The final factor, of course, is just how terrible the deal will be. For a start, it essentially hands over the Northern Ireland economy to the EU. That should worry anybody who cares about the United Kingdom.

Then there’s the fact that Johnson has abandoned Theresa May’s legally-binding promise to maintain a “level playing field” with the EU – giving him the freedom to cut social, consumer, competition and environmental regulations. (The relevant passages of the original Withdrawal Agreement’s Northern Ireland Protocol – Article 6 and Annexes 2 and 4 – have been nixed).

It’s true that the new political declaration sketching out our future arrangement with the EU contains provisions on a level playing field (para 77). But this is not legally binding.

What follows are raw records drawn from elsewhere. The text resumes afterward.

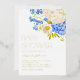 Invités Invitations à votre événement avec cette invitation personnalisable baby shower de feuille d'or. Il présente un bouquet d'aquarelles bleu et blanc avec des accents floraux et verts. Personnalisez cette invitation de baby shower hydrangea en ajoutant le nom, l'heure, la date et d'autres détails de l'événement. Cette invitation au baby shower botanique est parfaite pour les baby showers de printemps et d'hiver.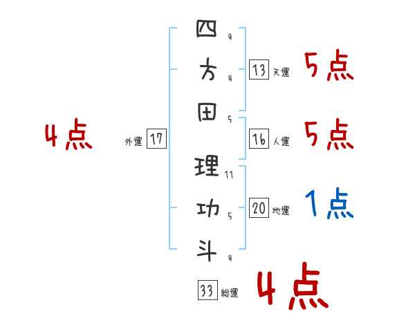外運![]() | 四方田理功斗さんの外運は17画の4つ星!積極的な行動力。地位を気づき財産を手に入れる。純粋な心と直感力。 生活面を象徴する運勢です。外部から受ける影響力を表し、結婚運、家庭運や職場、環境への順応性を表します。 |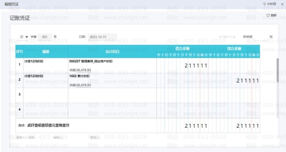 或者在【结账-期末结转】中选中月份,选择计提折旧模板点击【测算金额】生成凭证保存即可。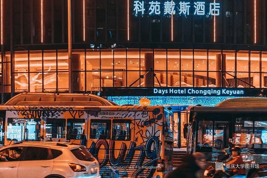 重庆大学B区大门,每天从工作室的窗望出去就是远处的歌乐山和近处的B区大门,旁边以前的科苑酒店经过重新装修后现在已经更名为科苑戴斯酒店。
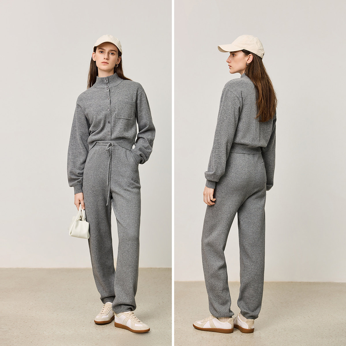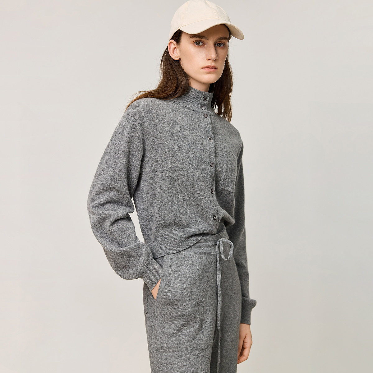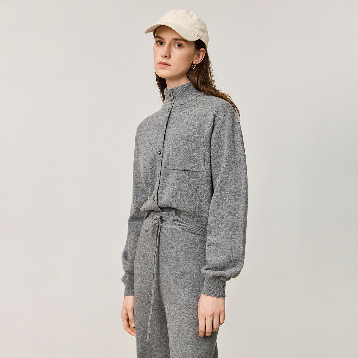 【商场同款】LILY冬新款女装绵羊毛休闲运动风立领开衫外套女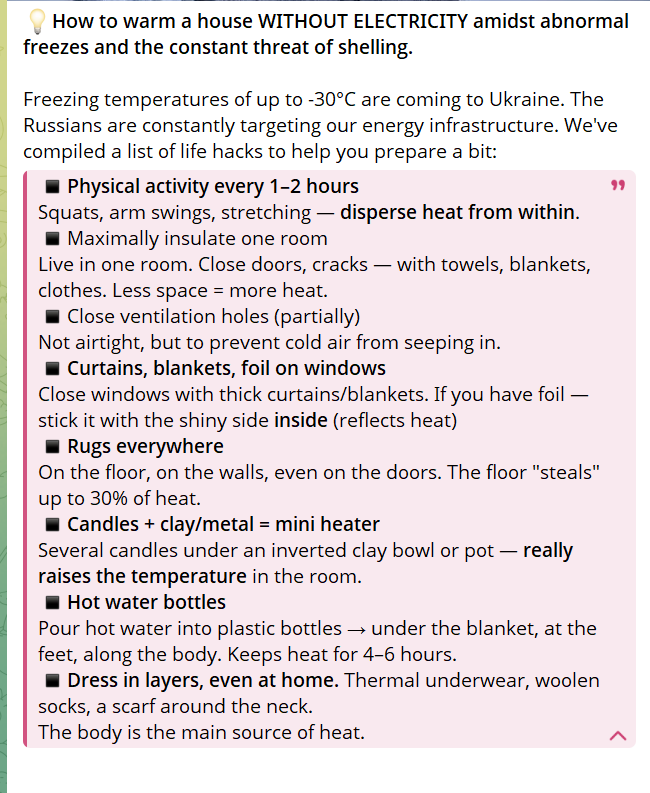 >>525506291Very good tips, but how the hell can you get hot water bottles when you have no electricity or gas...

What this means is that, unless Johnson is willing to make hard commitments in the future talks on a trade deal, we’ll get at best a bare-bones trade deal and the Great Britain economy will be thwacked.

What’s more, we will be heading for another cliff edge at the end of next year – when Great Britain is supposed to leave the EU’s single market and customs union. The Prime Minister will be so desperate to do a free trade deal that he is likely to give the EU pretty much everything it wants – just as he has on Northern Ireland.

One of his first concessions will be to sell the fishing industry down the river. The political declaration says the UK and EU should try to “establish a new fisheries agreement on, inter alia, access to waters and quota shares” by next July 1 (paras 73 and 74). Why would the EU move onto the wide free talks until Johnson has given them what they want on fishing? They’ll have him over a barrel.

We are reaching the crunch. We can force a referendum. We must force one. We can then win that People’s Vote and stay in the EU.

In these next few days we must strain every sinew. Lobby your MP, turn up to the mega People’s Vote march in central London on Saturday – and ask all your friends and family to be there too.